I have recently returned from a solo trip to South Carolina and back.  When an unavoidable family crisis prevented Darlene from going to her niece’s wedding and a brief vacation get-away, I had to go alone.  (I truly considered not going, but I had committed to performing the service, so I could not back out.)  In days to come, I will write about some of my other experiences, but for now let me focus on just a couple of aspects.

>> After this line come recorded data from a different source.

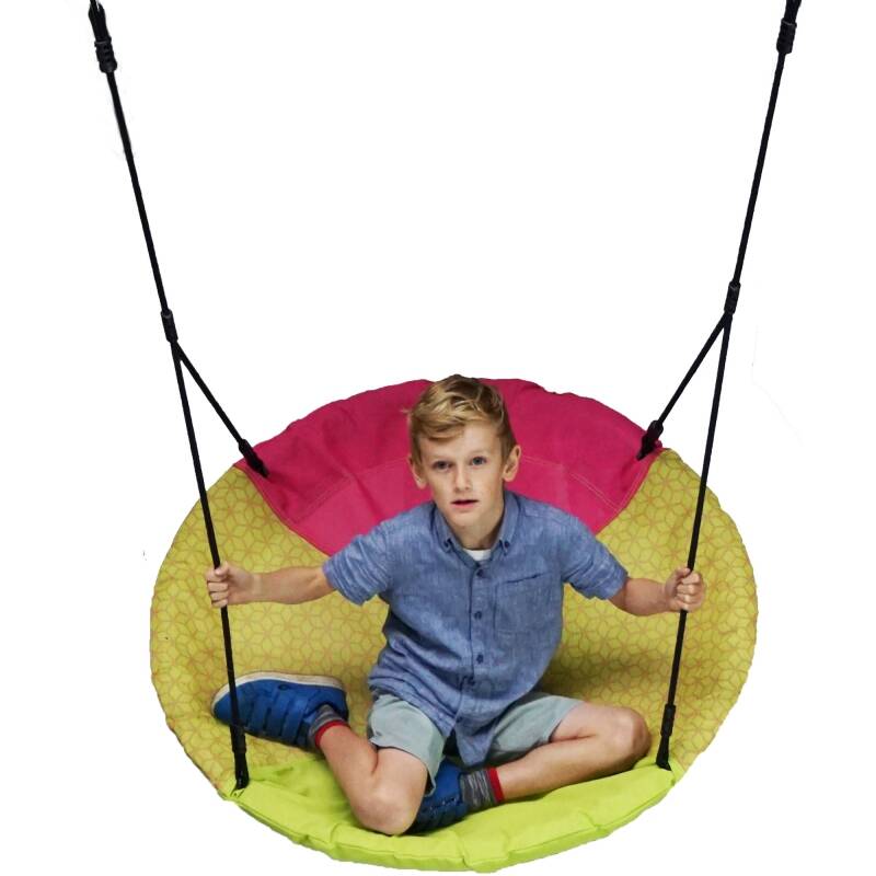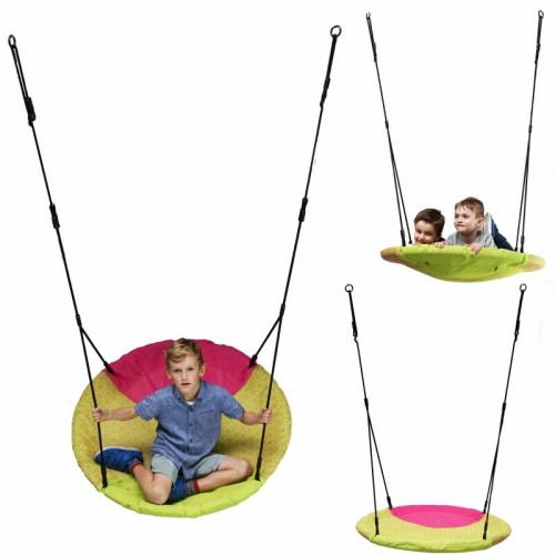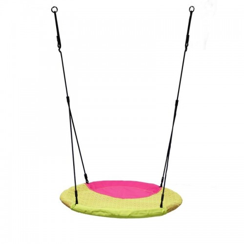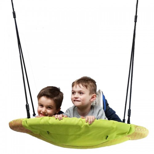 Підвісна гойдалка Woopie Lime - легко збирається. Чорні плетені мотузки надають гойдалці приємного вигляду, а довжина легко регулюється. Металевий каркас має м'яку підкладку, яка пом'якшує удари. Міцна, але приємна на дотик тканина, через яку легко стікає вода. Коліщатка та вісімки виготовлені з оцинкованої сталі.
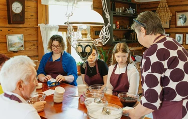 Lopuksi juodaan teet/kahvit ja syödään yhdessä savolaisia mustikkakukkoja vaniljakastikkeen kera. Saat mukaasi reseptin ja taidon tehdä itse omia mustikkakukkoja!
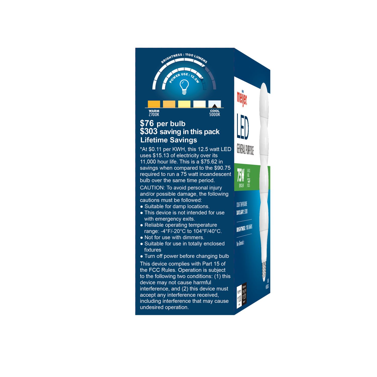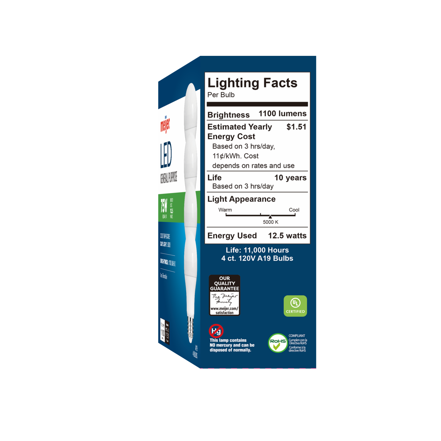 Meijer 75w Equivalent A19 Led Light Bulb, 4 Ct
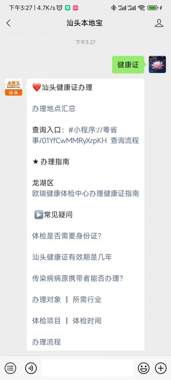 溫馨提示:微信搜索公眾號汕頭本地寶,關(guān)注后在對話框回復(fù)【健康證】獲取汕頭食品類健康證辦理地點,查詢?nèi)肟冢k理指南,常見疑問等。
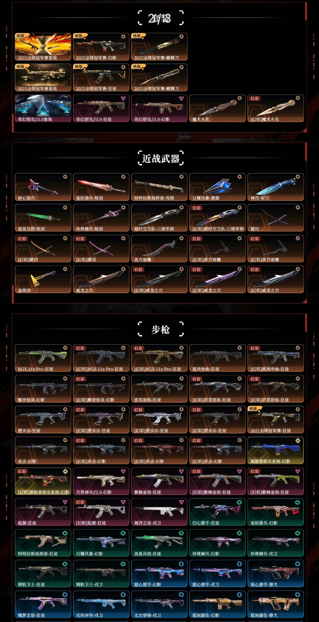 三棱军刺✨22🏆25冠军套🏆21冠军狂徒✨电工套✨混沌显卡流脓狂徒✨天界鬼魅✨奇点战神
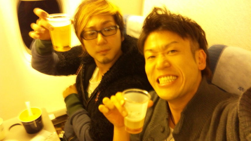そのままエンジンがかかってしまい、結局飛行機の中でも殿下と乾杯を
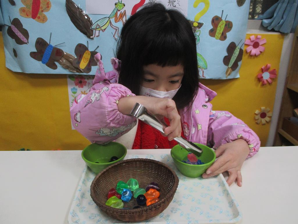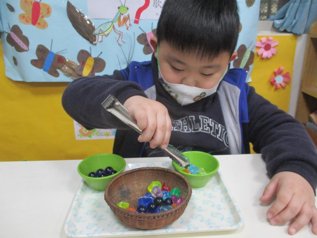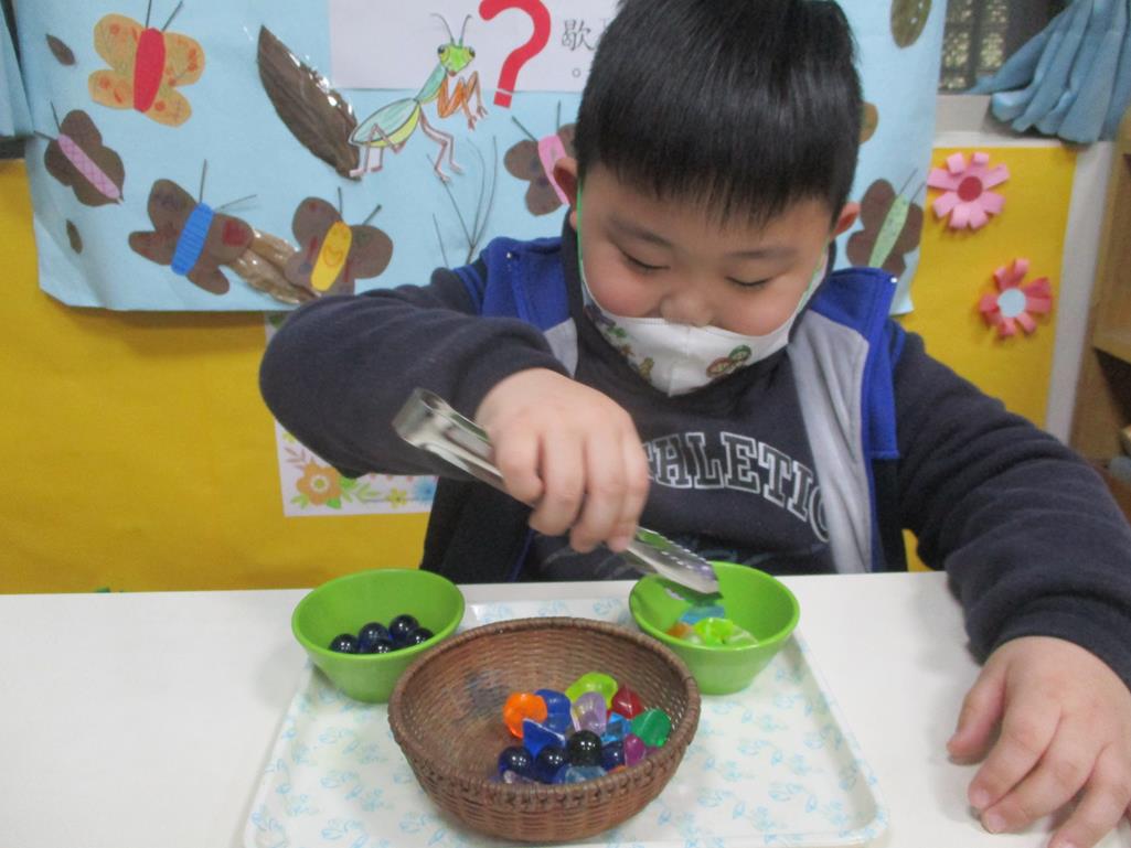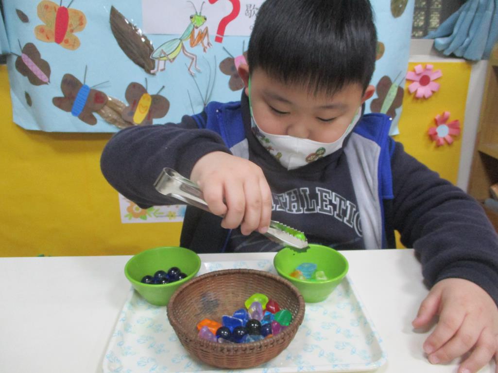相簿名稱: 茉莉班-蒙特梭利教學(日常生活教育-夾彈珠分類)
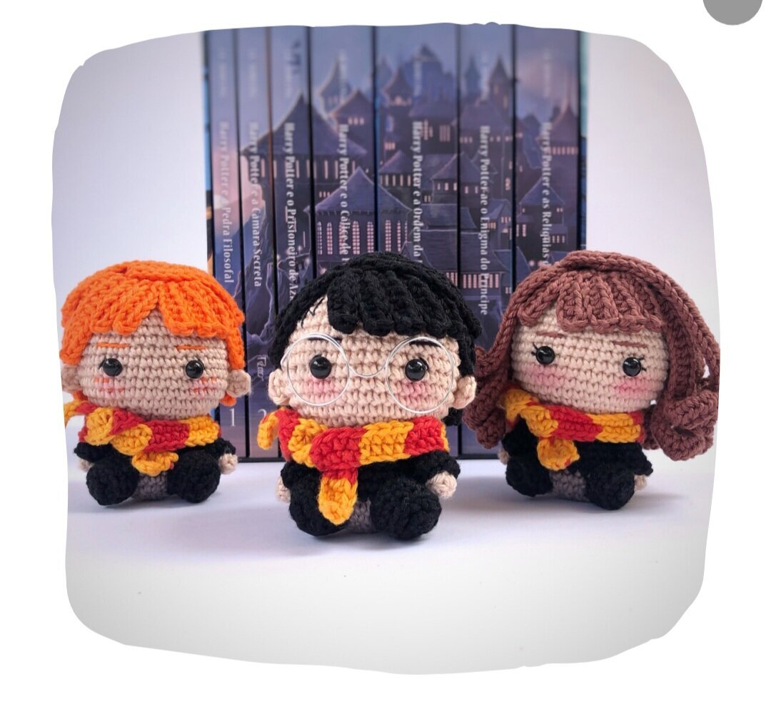 Продолжаем вязать героев Поттерианы. Первым был Гарри: Еще Гермиона: Полумна: Перевод: Вязальные приключения Условные обозначения: КА - кольцо амигуруми ВП - воздушная петля СБН - столбик без накида ПССН - полустолбик с накидом ССН - столбик с накидом СС- соединительный столбик УБ - убавка ПР - прибавка Материалы: Тело Начинайте вязать темно-серой нитью. 1 ряд: 6 СБН в КА [6] 2 ряд :6 ПР [12] 3 ряд: (1 сбн, 1 пр) х 6 [18] 4 ряд: 1 сбн, 1 пр, (2 сбн, 1 пр) х 5, 1 сбн [24] 5 ряд: 24 СБН [1 ряд] Изменить цвет на черный 6-9 ряды: 24 сбн [4 ряда] 10 ряд: 1 сбн, 1 уб, (2 сбн, 1 уб) х 5, 1 сбн [18] 11: 18 сбн [1 ряд] Голова Сменить нить на бежевую 12 ряд: 1 сбн, 1 пр, (2 сбн, 1 пр) х 5, 1 сбн [24] 13 ряд: (3 сбн, 1 пр) х 6 [30] 14 ряд: 2 сбн, 1 пр, (4 сбн, 1 пр) х 5, 2 сбн [36] 15 ряд: (5 сбн, 1 пр) х 6 [42] 16-23 ряды: 42 сбн [8 рядов] 24 ряд: (5 сбн, 1 уб) х 6 [36] 25 ряд: 36 сбн [1 ряд] 26 ряд: 2 сбн, 1 уб (4 сбн, 1 уб) х5, 2 сбн [30] 27 ряд: (3 сбн, 1 уб) х 6 [24] •Вставить глаза в 8-м
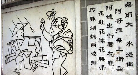 落雨大,水浸街,阿哥担柴上街卖,阿嫂出街着花鞋。
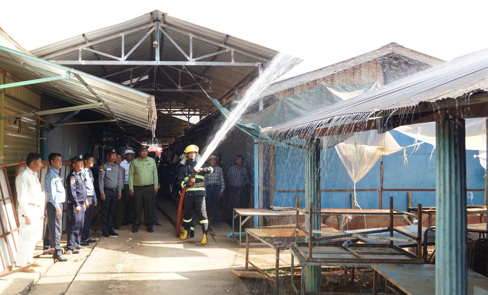 ထိုသို့ ဆောင်ရွက်ရာတွင် မြို့နယ်အတွင်းရှိ မီးဘေးလုံခြုံရေးနှင့်စပ်လျဉ်း၍ မိမိကွပ်ကဲမှုအောက်ရှိ မြို့နယ်ဒေသအတွင်း မီးလောင်မှုများမဖြစ်ပေါ်စေရေးနှင့် မီးဘေးအန္တရာယ်ကြိုတင်ကာကွယ်ရေးလုပ်ငန်းများကို လုပ်ငန်းစဉ် (၇)ရပ်နှင့်အညီ စက်ရုံ၊ အလုပ်ရုံ၊ စက်သုံးဆီဆိုင်၊ ဆေးဆိုင်များနှင့် ရပ်ကွက်များရှိ ကုန်စုံဈေးဆိုင်များ မီးလောင်မှုမဖြစ်ပေါ်စေရန် မြန်မာနိုင်ငံမီးသတ်တပ်ဖွဲ့ဉပဒေ၊ နည်းဉပဒေများ၊ မီးဘေးလုံခြုံရေး ကြိုတင်ကာကွယ်ရေးဆိုင်ရာ အကြံပြုချက်များအား လိုက်နာဆောင်ရွက်ရေးအသိပညာပေးခြင်းများ ဆောင်ရွက်ခဲ့ပြီး မြို့နယ်အုပ်ချုပ်ရေးမှူး ဦးအောင်ဇင်ဦး၊ မြို့နယ်မီးသတ်ဦးစီးမှူး ဦးဇော်မော်၊ မြို့နယ်စည်ပင်သာယာရေးဌာန အမှုဆောင်အရာရှိ ဦးကျော်စိုးလွင်၊ မြို့မစည်ပင်သာယာရေးအထောက်အကူပြုအဖွဲ့၊ မြို့မဈေးကော်မတီဝင်များနှင့် မီးသတ်တပ်ဖွဲ့ဝင်များတို့မှ ဈေးအတွင်းရှိ မီးသတ်ဆေးဘူးများစစ်ဆေးခြင်း၊ မီးသတ်ယာဉ်၊ မီးသတ်ဆေးဘူးများဖြင့် မီးငြှိမ်းသတ်ခြင်း လက်တွေ့သရုပ်ပြသကာ မြို့နယ်စည်ပင်သာယာရေးဝန်ထမ်းများနှင့် ဈေးသူ၊ ဈေးသားများအား လက်တွေ့မီးငြှိမ်းသတ်ခြင်းများ ဆောင်ရွက်ခဲ့ပြီး မြို့မဈေးအတွင်း မီးဘေးလုံခြုံရေးနှင့် ကြိုတင်ကာကွယ်ရေးဆိုင်ရာ လုပ်ငန်းများဆောင်ရွက်ရန် တာဝန်ရှိသူများက ပေါင်းစပ်ညှိနှိုင်း ဆွေးနွေးခဲ့ကြကြောင်း သိရသည်။
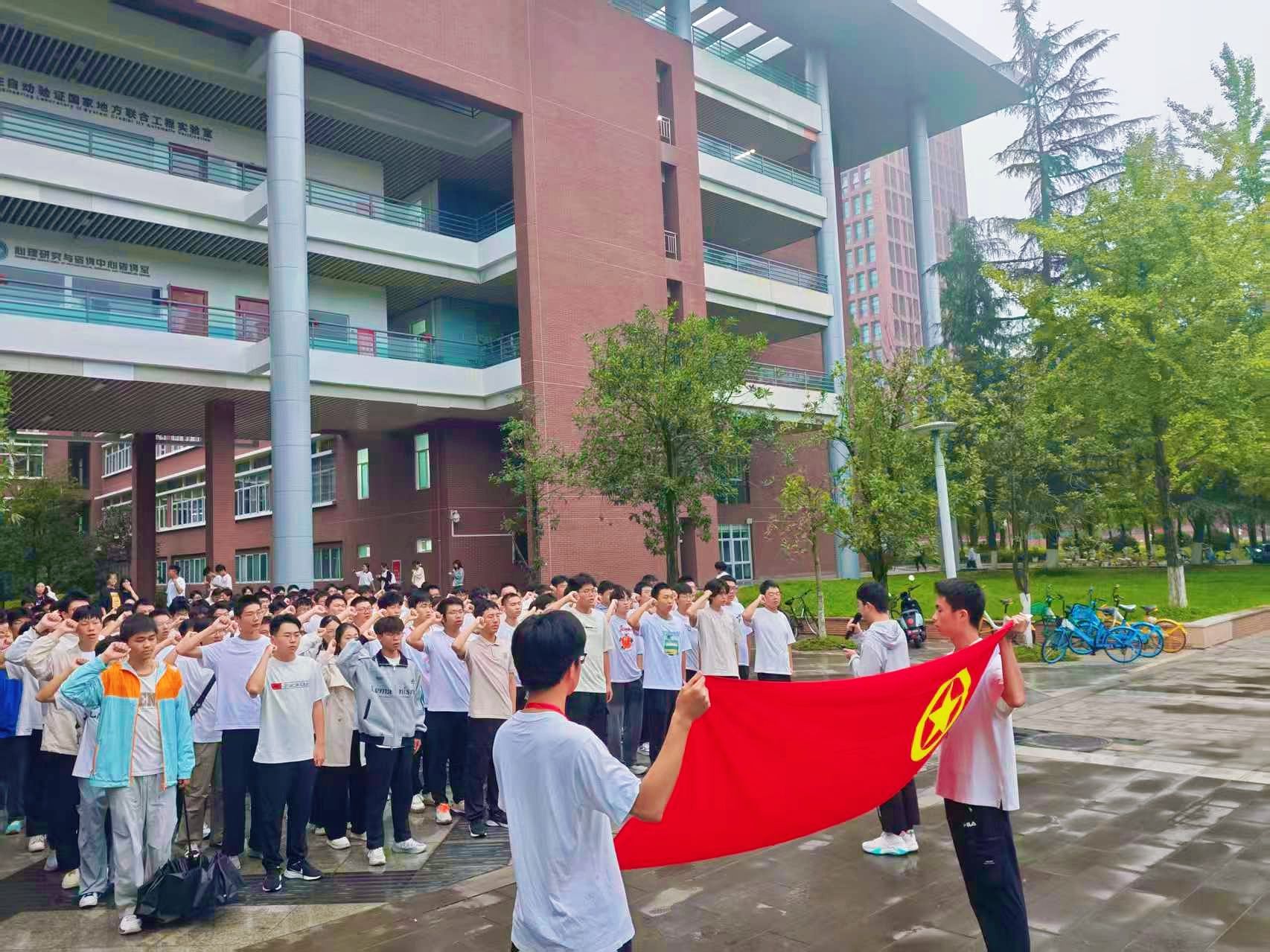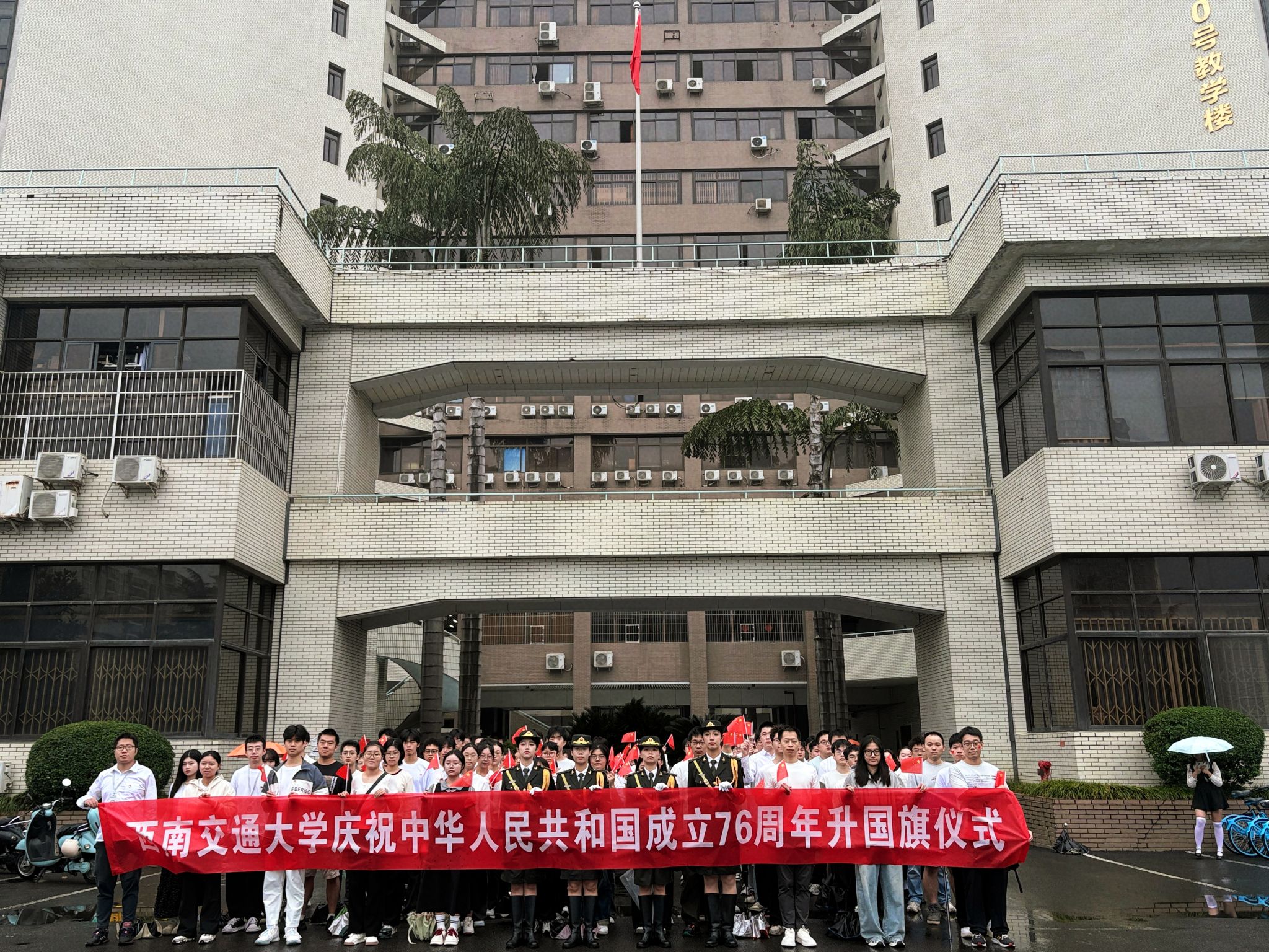 为热烈庆祝中华人民共和国成立76周年,深入学习贯彻习近平总书记在纪念中国人民抗日战争暨世界反法西斯战争胜利80周年重要讲话精神,进一步加强新时代爱国主义教育,激发广大师生的爱党爱国爱校热情,10月1日上午8:30,学校在犀浦校区东门国旗台和九里校区南门0号教学楼国旗台同步举行升国旗仪式。球王会体育党委副书记沙晓雪、团委书记何蕊芯与青年教师代表到场,共同见证了这一庄严时刻。
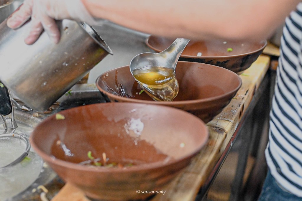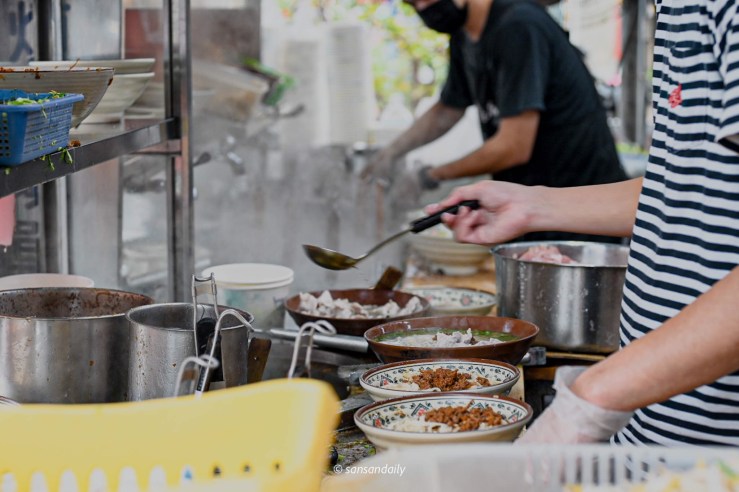 在碗裡放入獨家比例的調味料、起麵、放料、淋上一匙祖傳滷汁,一碗碗乾麵、湯麵快速完成,熱氣還未散去,又開始下一輪煮麵,生意好得不得了。

(I have clinical depression.  In the past I have been suicidal, but not for several months–but my feelings of despair and helplessness have been increasing.  Now I discover that the generic medicine I was given after getting out of the hospital has been pulled off the market by the FDA for being “ineffective”.  I will talk to my doctor about switching to the name brand product, which apparently does work.)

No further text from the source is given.